One of our clients at Roher/Sprague Partners is a bioetechnology company that works with creating Off‑the‑Shelf, Allogeneic T‑Cell Immunotherapies.

New Website for 2020

In 2019, we worked with a number of other vendors to build a new website for Atara Bio. It started with the head of communications wanting to update the design, remove the stock art, and make the site more mobile friendly. He also wanted to change investor platforms to Equisolve as Atara was unhappy with the previous investor site platform. Since the investor site was on a propietary platform while the public site was on a Wordpress based platform, the design and navigation often conflicted. For example, menu changes would not sync to all sections.

Equisolve started with a design of the new public site and investor site. Once that was almost ready, I took over with a few minor changes to improve the mobile site usability before we started building the new Wordpress theme and templates code.
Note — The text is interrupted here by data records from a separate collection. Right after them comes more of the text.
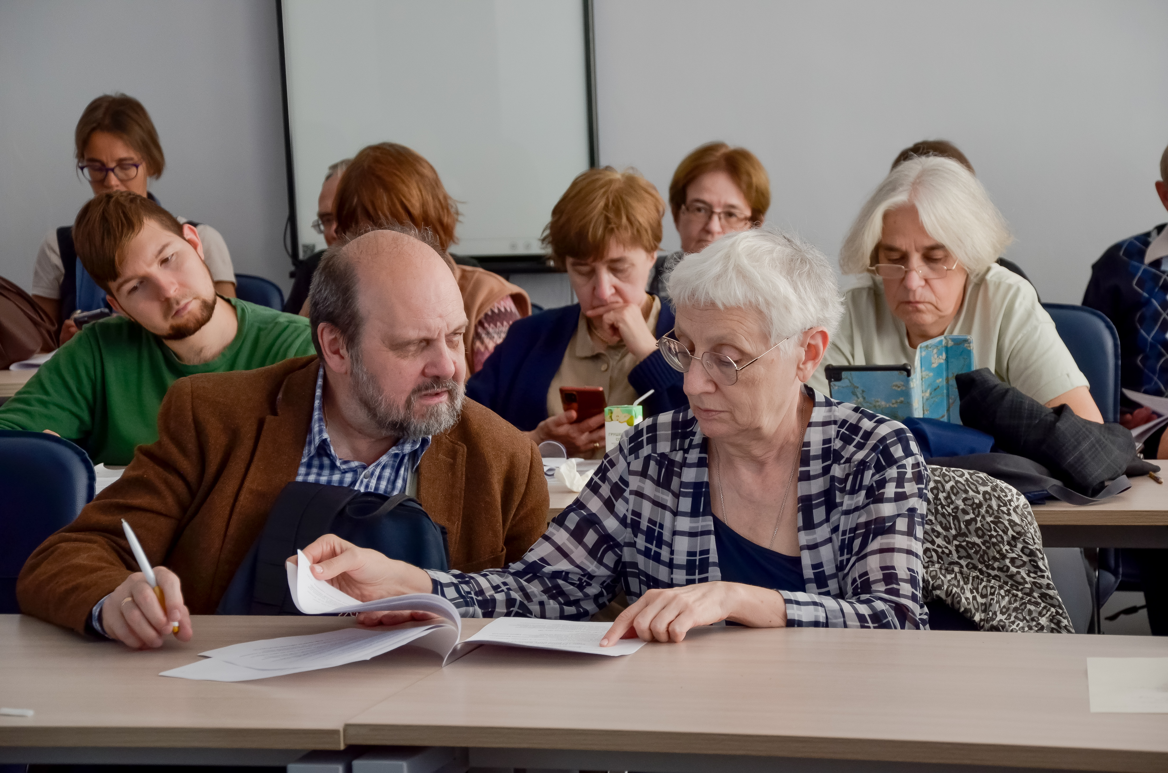 На переднем плане Алексей Шмелев и Елена Шмелева, за ними Татьяна Михайлова и Ирина Сурат, на заднем плане Анна Птенцова и Ирина Галактионова. Конференция “Маргиналии-2023: границы культуры и текста”, Арзамас, 2023
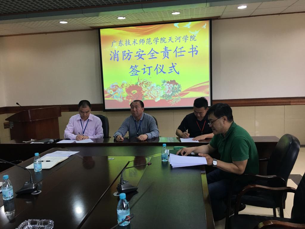 肖海副书记作为学校消防安全管理人、杨志亮副处长作为学校消防安全管理部门责任人与各二级单位、驻校单位消防安全责任人签订《消防安全责任书》。
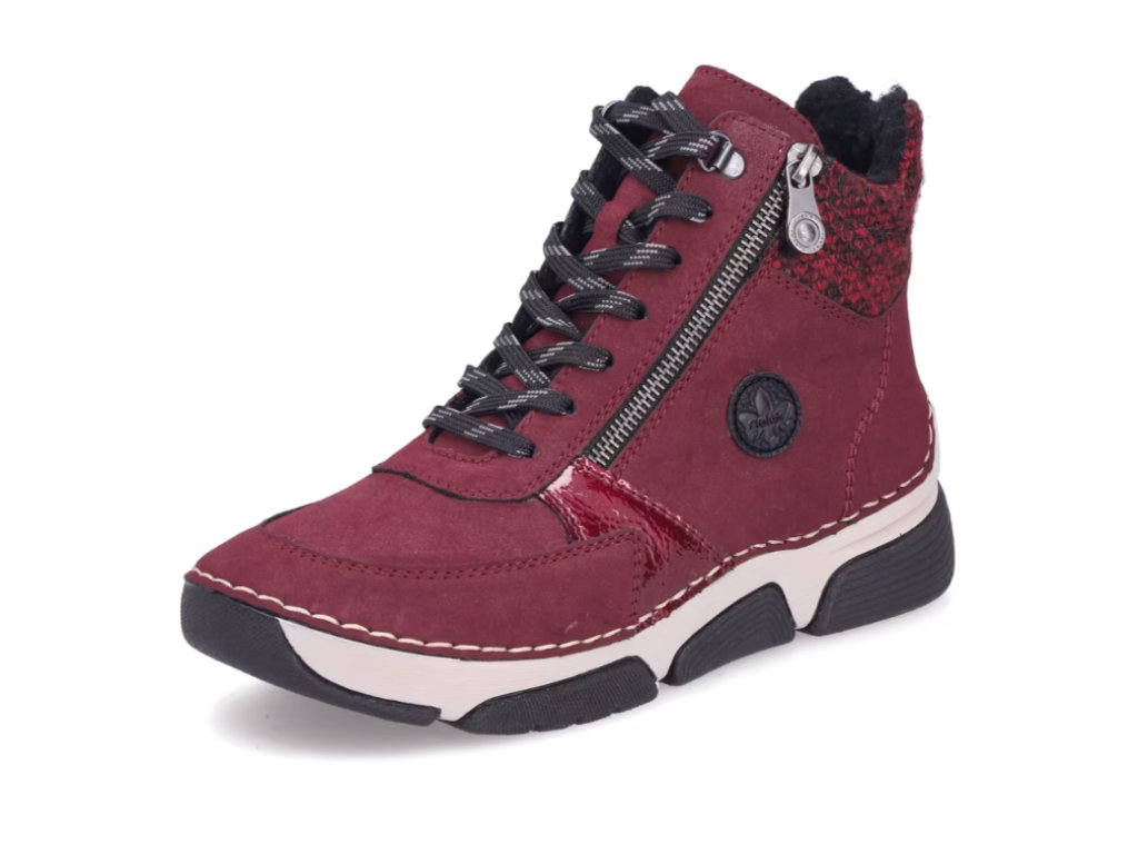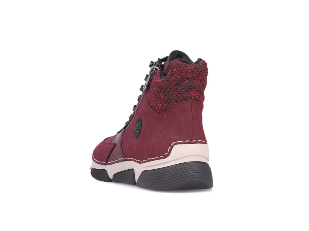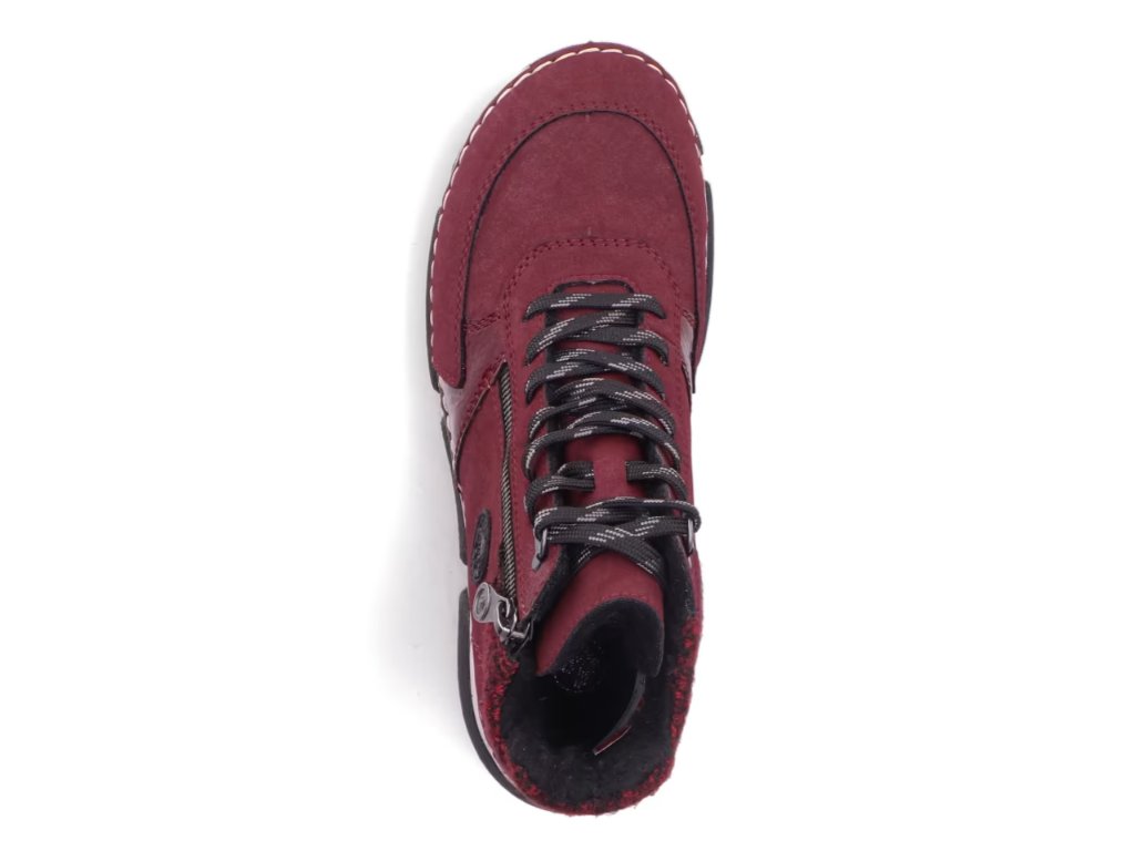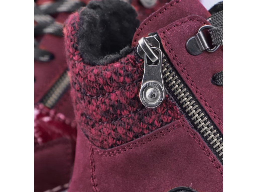 Nepřehlédnutelné kotníkové boty RIEKER zaujmou na první pohled originální kombinací materiálů a nápaditým textilním lemem v horní části. Originální styl dotváří logo značky a praktické šněrování doplněné zipem na nártu, které usnadňují obouvání. Vnitřní hřejivé zateplení ve spojení s koženou stélkou zajišťuje příjemný pocit tepla a komfortu i během chladných dní. Designově propracovaná podešev nejen skvěle vypadá, ale díky tlumící technologii výrazně zvyšuje pohodlí při každém kroku. Ideální volba pro ženy, které hledají stylovou obuv bez kompromisů.

We hired some developers to help with the coding under my direction.

The new site makes use of a lot of new photography done by Atara during 2019. Since Atara is on the west coast in California, I was not able to do the photography, but provided composoition direction for the Atara team that was involved with the shooting.

The public site has a lot of links to the Equisolve investor site where stock info and press releases are pulled from JSON feeds. We also added an automatic display of the latest Atara Bio twitter posts. We intended to do the same with LinkedIn posts, but LinkedIn's policy changes caused that to be impossible in the end.

 

The original hamburger menu design for the mobile site was unacceptable for a smartphone user interface in this day, so I created a bottom-edge menu navigaton bar. The advantages here are that users can actually reach the navigation menu with one hand while holding a phone, and the navigation menu is much more obvious since it's spelled out in plain english as opposed to a cryptic icon that no one understands.
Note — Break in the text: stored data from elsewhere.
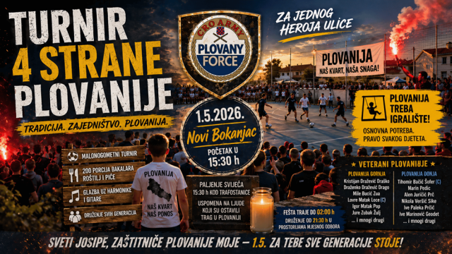 Turnir 4 strane Plovanije 2026 ponovno potvrđuje da Plovanija nije samo mjesto stanovanja, već kvart u kojem zajedništvo ima stvarno značenje. Tradicionalni malonogometni turnir održava se 1. svibnja 2026. na Novom Bokanjcu i još jednom okuplja sve generacije – od djece do starijih mještana. Iako je sport u središtu događaja, turnir nosi i jasnu poruku mjesnog odbora: Plovaniji nedostaje osnovna infrastruktura, prije svega igralište. Upravo zato ovaj događaj ima važnost koja nadilazi teren i rezultat.
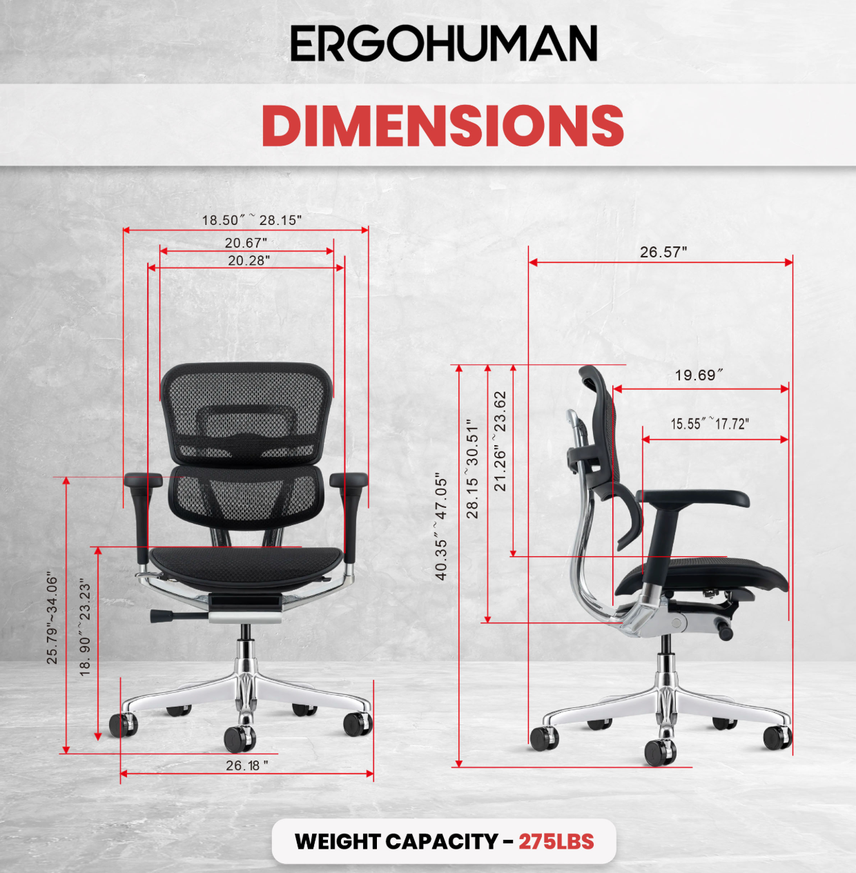 26.2" W x 26.6" D x 40.4" - 47.1" H |
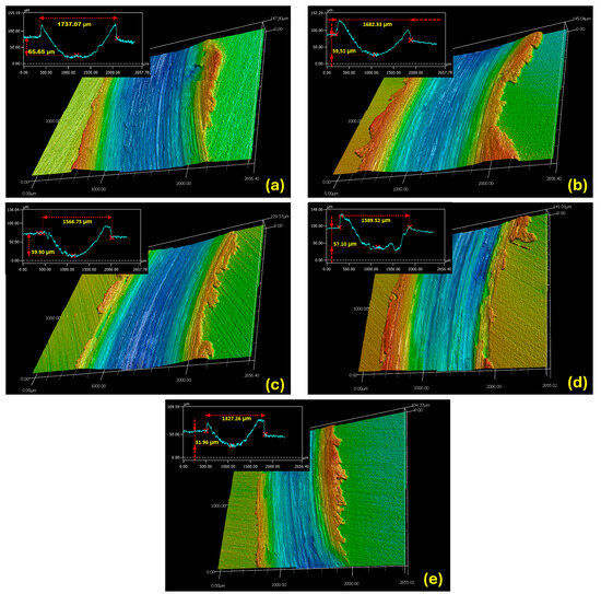 CLSM micrographs of the surface topography of the wear tracks for the Al-based samples: (a) Al/Steel; (b) Al/Steel PEO DC; (c) Al/Steel PEO PC; (d) Al/Steel PEO DC-W; and (e) Al/Steel PEO PC-W.

I also had to sneak in some modern CSS tweaks to for the mobile site design.  First of all, the navigation bottom bar uses the backdrop filter attribute to cause a transparent acrylic-style blurry effect that shows the colors of the layers below as you scroll. Secondly, I added support for the prefers-color-scheme media query which allows the bottom navigation bar to alter itself based on the theme color preference of the user's browser. 
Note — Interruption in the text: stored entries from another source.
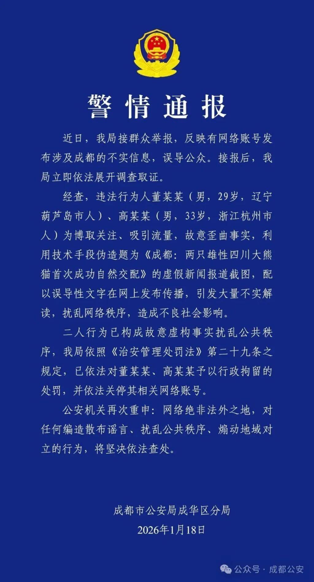 澎湃新闻记者 胥辉2026年1月18日,四川成都市公安局成华区分局发布警情通报,称两名男子为博取关注、吸引流量,故意歪曲事实,利用技术手段伪造关于熊猫的虚假新闻,造成不良社会影响。因两人行为已构成故意虚构事实扰乱公共秩序,成都警方已依法对两人予以行政拘留的处罚,并依法关停其相关网络账号。
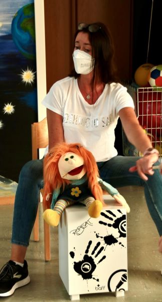 Hierzu verbindet die Pädagogin Wörter mit Bildern und Musik, lässt die Kinder z.B. über „Bodypercussion“ ihren eigenen Körper als Instrument erleben, zu Musik malen oder macht mit ihnen kleine Rate-Spiele zur Körpersprache. Dadurch werden Sprachrhythmen und Sprachklänge erarbeiten und grundlegende Elemente der Sprache, wie Silbentrennung, Sprachverständnis und Sprachgehör können durch den Klang der eigenen Trommeln besser verstanden werden. Neben der Förderung des Sprachgefühls achtet Alexandra Gerres dabei besonders darauf, dass die Kinder durch die Stunden auch in ihren Persönlichkeiten gestärkt werden.
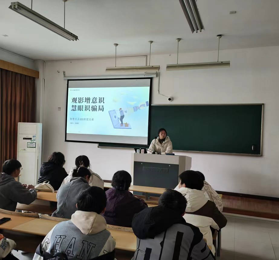 农学212班、农学231班等团支部组织开展以“反诈骗”为题的主题班会,围绕诈骗的常见形式、防范措施、网络安全与个人信息保护等方面,结合身边的案例,讲好反诈第一课。农学232班、农学研231班等团支部组织开展反诈知识竞赛、反诈小游戏等活动,同学们在娱乐的同时详细了解了网络诈骗的常见类型、识别方法以及应对措施。植物保护232班等团支部组织同学演绎反诈小品和情景剧,拍摄反诈宣传视频,从身边出发,强调了反诈防骗的重要性。植物保护231班、智慧农业231班团支部在班级内成立反诈宣讲团,通过宣讲,传播正确的防骗观念,引导身边同学提高防骗意识,谨防上当受骗。
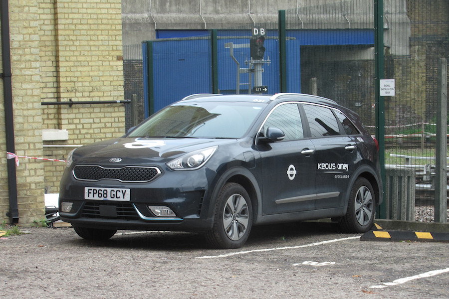 Details: As well as a sizeable fleet of vans in white/green/yellow, the Docklands Light Railway service vehicle fleet includes at least two of these Kia Niro hybrid-electric cars in black with white lettering. Fleetnumber 031 is carried by FP68GCY, seen at the far north-east end of the Poplar Depot (off Harrow Lane) on 28th September 2019. The parking marker on the fence behind shows that this space is reserved for the Signal Installation Team, although the DLR does not use conventional railway signals. Having said, a fairly normal signal is visible in the background, these presumably being needed within the depot confines, where trains would be driven manually. |
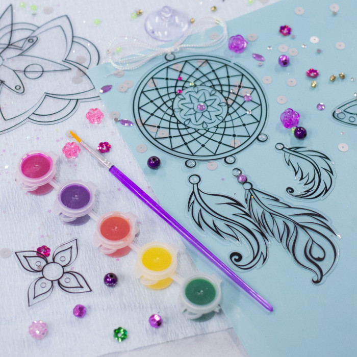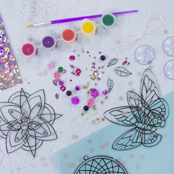 Создай три очаровательных витража и укрась свое окно волшебными красками. Раскрась детали витражей, декорируй стразами, прикрепи к присоске с помощью нити, подвесь бусинки желаний.

Atarabio.com running on iPhone.

For example, if you use an iPhone with the light-mode theme, the navigation bar will match the color and transparency effects of the Safari web browser. If you switch to a dark-mode theme, again, the websites navigation bar will match accordingly.

Atarabio.com on Kai OS

Of course, I'm big on graceful degredation in my website designs, so all of those new backdrop filter and color scheme CSS features have fall-backs... AND, I even added CSS support for emerging market KaiOS smartphones. In the medical fields, Internet Explorer still has a significant amount of market share as well, so we were sure to make the site functional there as well, though obviously it's a bit nicer on newer web browsers.

Updates

Throughout post launch, I also directed site updates such as integrating a job search that interfaces with ICIMS as well as an info request form and plenty of other content updates.

Extranet

We also did some design work in partnership with Atara's sharepoint customization firm to develop Atara's new "AtaraNet" extranet site. We can't show that publicly though.

Social

We've been creating lots of featured graphics for Atara's Twitter and LinkedIn accounts to promote different news and events. Most were static images, but a number were video animations created in Adobe AfterEffects.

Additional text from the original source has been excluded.